To: mishedlo who wrote (7771)11/13/2000 6:49:35 PM
From: mishedlo  Read Replies (1) | Respond to of 30051
 
Best Buy's add should have said: "Get yesterdays technology next year."
from Artie on the Fool
=============================================

From Colin:
OT - Artie, where do you live? It looks like you might be in my area ... (Overland Park, KS .. just south of KC)
Sadly my BestBuy won't sell me one either ... I even brought in the add from the Sunday paper. I have never seen such a blank stare from a salesman.

Cheers,

Colin



To: mishedlo who wrote (7771)11/13/2000 6:57:43 PM
From: Rashomon  Read Replies (2) | Respond to of 30051
 
Mishedlo, the scary thing is how many high-growth value stocks that have been created in the last couple of months. I'm still holding one of Tim Lamb's favorites, the semi test equipment maker LTXX. Earnings are projected at $2.20/shr for fiscal 2002, they're running a substantial backlog, they're growing market share, and their segment of the semi market, system on chip test equipment, is growing faster than the market as a whole. They've gone from a peak near 50 to 12, and I thought I was buying at the bottom with an average price of 13 1/2! The semi-equipment market is full of these things, to the point where scavenger Marty Whitman at the Third Avenue Value fund is starting to pick up semi-equipment stocks again. Zeev may be right about an early peak to the semi-cycle, but there's a number of respected analysts who are indicating that back-end equipment sales will be strong through 2002. It'll be nice to have a winner to this election, though that may not fix all the NASDAQ woes.

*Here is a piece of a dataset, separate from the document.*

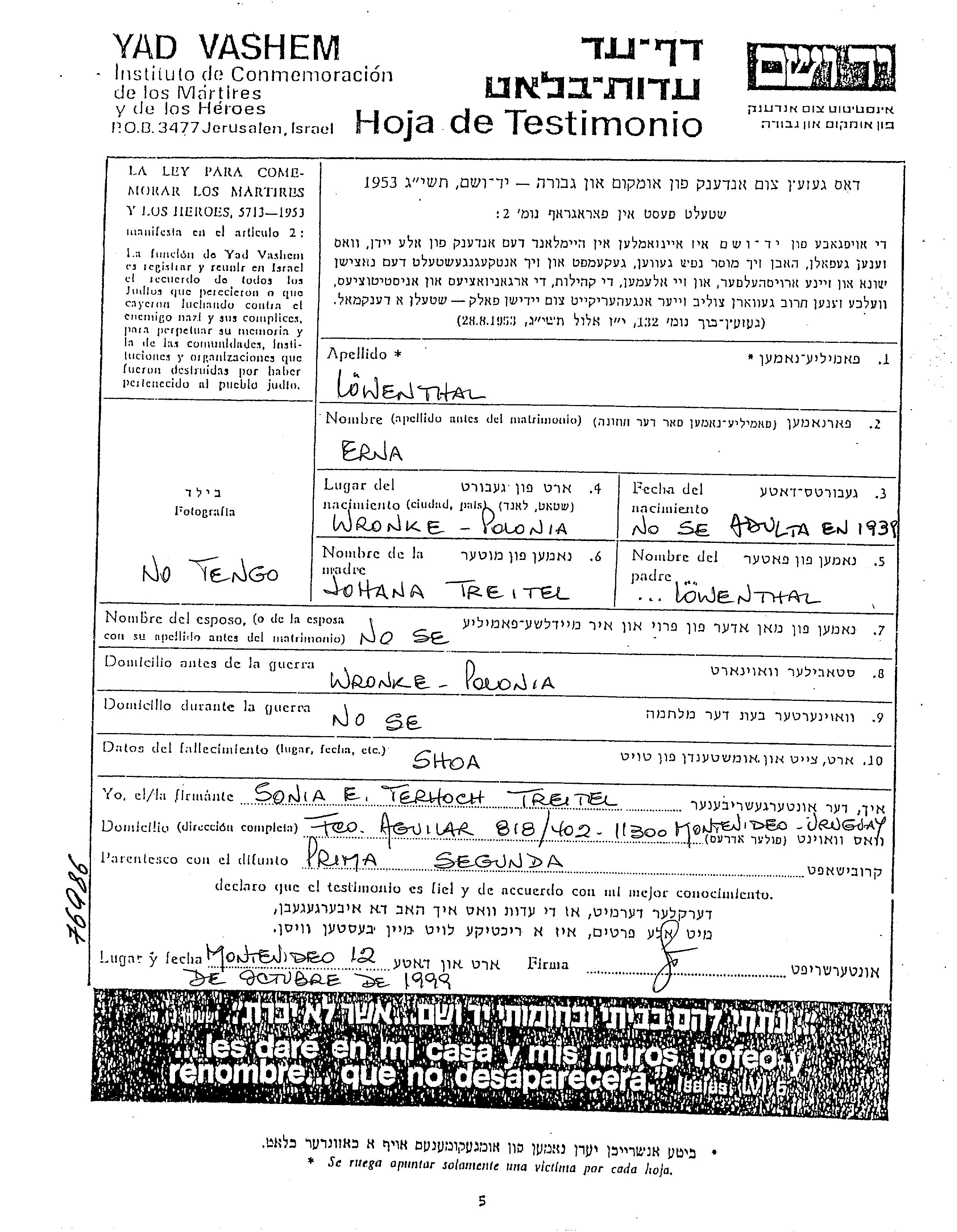 Лёвенталь Эрна 1939 Вронке, Польша Лист свидетельских показаний

To: mishedlo who wrote (7771)11/13/2000 7:29:49 PM
From: Zeev Hed  Read Replies (1) | Respond to of 30051
 
Misheldo, you got to understand the "dynamics" of the semiconductors and the semi- equip market if you want to play in this space. In 1995, when MU was making new highs at $95, the street and Mu were talking with confidence about annual earnings of $19 a share two years hence, and thus $95 was supposed to be a bargain. Not only that, Vinik was touting the stock as well (while selling in stealth). What happened? It is a cyclical industry, not only with an intrinsic ASP decline of about 30% per year, but with sharp ups and down in the price depending on the supply at the margins.

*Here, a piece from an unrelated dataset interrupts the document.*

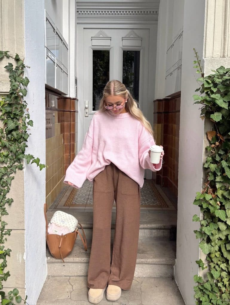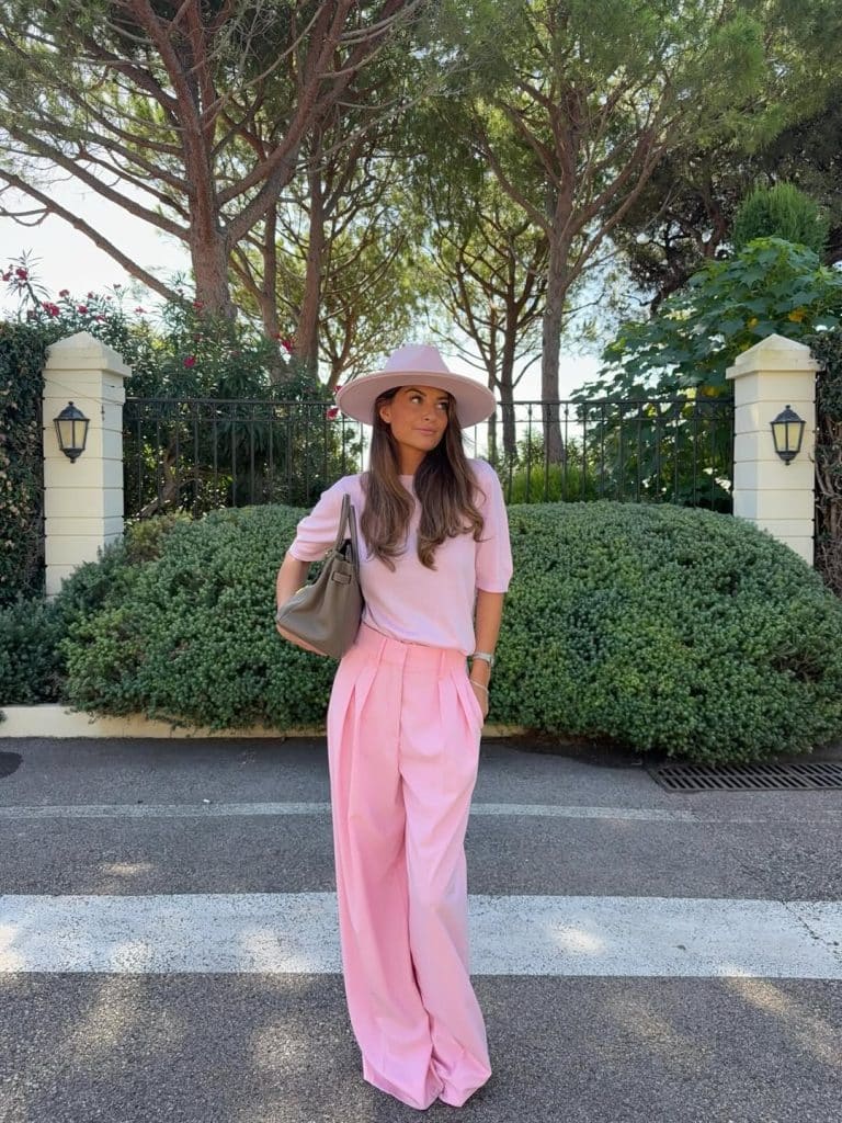 Think about a pair of wide-leg pink trousers worn with a matching sweater or blouse.

Sure, SSTI has had a phenomenal string of recent QOQ fantastic growth, but the market is looking forward and asks itself, what happens if we have a glut? Well we now have DRAM once more hitting new lows (last I heard was $3.5 for 64 megs). Why do we have such low prices, because the PC market is growing at "only" 15% instead of the 18% forecasted earlier in the year, and because Dataquest kept telling every one that shortages are looming, so box makers build up their inventories (and possibly did double ordering, but we have not heard of that, as yet). So, why should it impact the flash makers? after all there is a real shortage there, right? Well, the dram makers can easily convert their production from dram to flash, particularly the five Taiwanese houses that make marginal profits (but still have together some 20% of the dram market), and in the process, you guessed, over supply occurs and slam, the prices fall to the basement. The fear is really that sometime in the next two years, SSTI not only, will not meet a quarterly number, but come down sharply lower, or even sink into the red. If that does not happens, than, todays price of $17 is a steal, but if SSTI does miss a quarter or two (and typically, if it misses one it will miss few in a row), then you may be able to get it for less than $10 within six months. My advice is that if you plan to play in this space, don't fall in love with any of these stocks, it is a "technological cyclical" segment with stock going between x and 3x almost every year. The trick is to buy at x and sell at 3x.